In fact, you are rediscovering a language in which you have been writing for many years.
Sergey aka
seregazhuk : Two years ago, even at a previous job, you had to write a script that would constantly ring up customers and work very quickly. The task had to be completed “yesterday”, the team had only PHP developers, - you understand, there was no time for a new stack. But it so happened that everyone heard something about ReactPHP. He positioned himself as production-ready, everything was very easy: we just installed the company through the composer, and you could write asynchronous code. As a result, they wrote a solution on it, launched it, everyone was happy.

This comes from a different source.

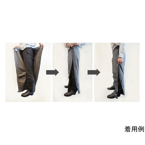 (株)前垣との共同開発によるゴアテックスフルジップレインパンツです。防水透湿性と軽量性を兼ね備えたGORE−TEX PACLITE素材を採用しています。軽量で動きやすいため作業性に優れています。サイド |

I realized that we have a tool - but there were no articles, practical examples like “We have such a problem, we solved it like this” in almost no Russian or English. In the end, I wrote a couple of articles on my blog, I received a positive feedback, and that’s all - it somehow dragged me on. We are accustomed to the Request-Response model, but it is worth plunging into an asynchronous code, and you will immediately ask: “Was it possible?”.
Peter: Let's talk again, what problem does the asynchronous code solve for us, and why do we need ReactPHP in particular?
Sergey: Almost every application has either API calls, or file system interaction, or database requests. When we wait for a response from them, our processor is idle - instead of doing something useful. You can not wait for an answer, but start non-blocking operations and move on. The question arises: “If we use ReactPHP everywhere for I / O, then our applications will be much faster?”
Unfortunately, you can't just take and rewrite our applications to asynchronous
This is Sergey ZhukSerezha is the author of ReactPHP For Beginners, Learning Event-Driven PHP With ReactPHP and PHP OOP Way books and heaps of other goodies.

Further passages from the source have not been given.